Task description:
A word-for-word copy of the entries, with images excluded, is the expected answer.

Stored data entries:
■ ■ ■ ■ ■

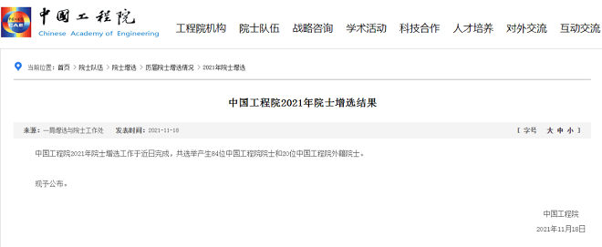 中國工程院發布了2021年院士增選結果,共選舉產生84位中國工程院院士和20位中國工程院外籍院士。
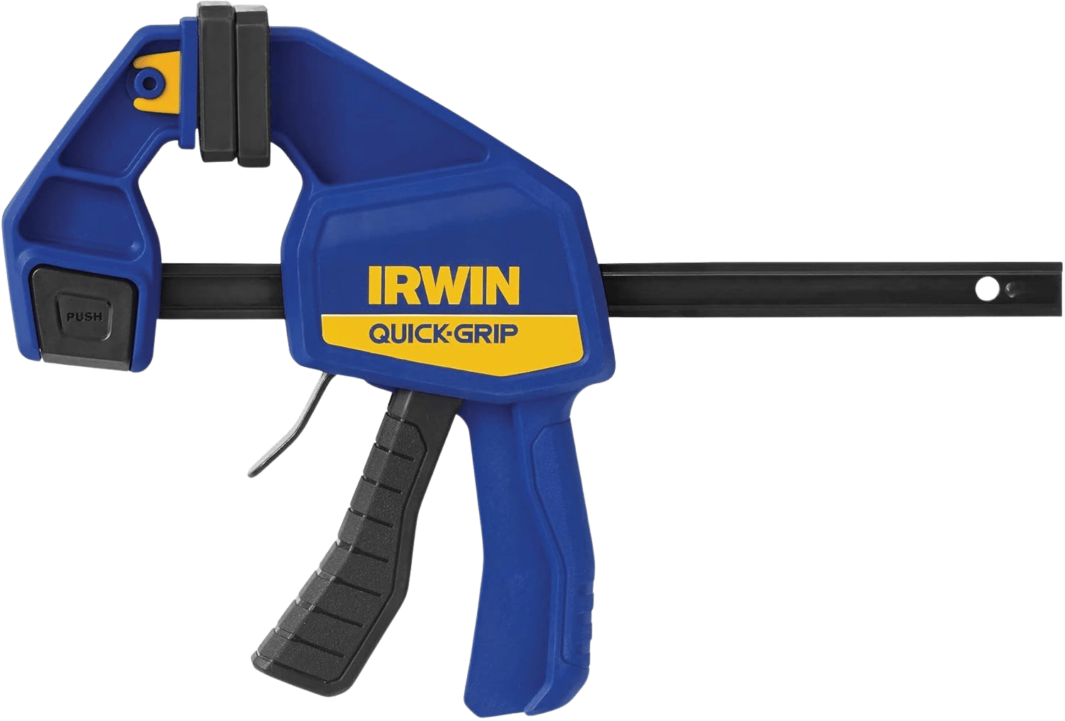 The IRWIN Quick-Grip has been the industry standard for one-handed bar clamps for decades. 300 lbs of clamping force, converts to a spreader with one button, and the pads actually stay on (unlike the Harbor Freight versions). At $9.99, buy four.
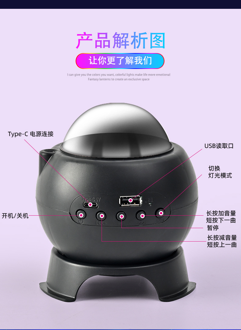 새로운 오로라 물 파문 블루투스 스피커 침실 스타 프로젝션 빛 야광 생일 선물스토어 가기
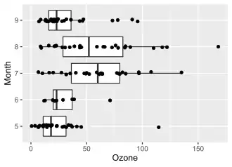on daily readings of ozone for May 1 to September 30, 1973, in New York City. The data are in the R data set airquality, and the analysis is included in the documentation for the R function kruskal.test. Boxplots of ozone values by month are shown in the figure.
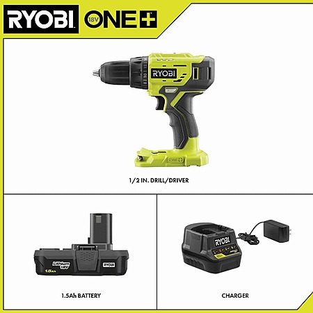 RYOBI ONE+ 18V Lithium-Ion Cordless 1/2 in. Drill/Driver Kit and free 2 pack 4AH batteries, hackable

■ ■ ■ ■ ■

Answer area:
 中國工程院發布了2021年院士增選結果,共選舉產生84位中國工程院院士和20位中國工程院外籍院士。
 The IRWIN Quick-Grip has been the industry standard for one-handed bar clamps for decades. 300 lbs of clamping force, converts to a spreader with one button, and the pads actually stay on (unlike the Harbor Freight versions). At $9.99, buy four.
 새로운 오로라 물 파문 블루투스 스피커 침실 스타 프로젝션 빛 야광 생일 선물스토어 가기
on daily readings of ozone for May 1 to September 30, 1973, in New York City. The data are in the R data set airquality, and the analysis is included in the documentation for the R function kruskal.test. Boxplots of ozone values by month are shown in the figure.
 RYOBI ONE+ 18V Lithium-Ion Cordless 1/2 in. Drill/Driver Kit and free 2 pack 4AH batteries, hackable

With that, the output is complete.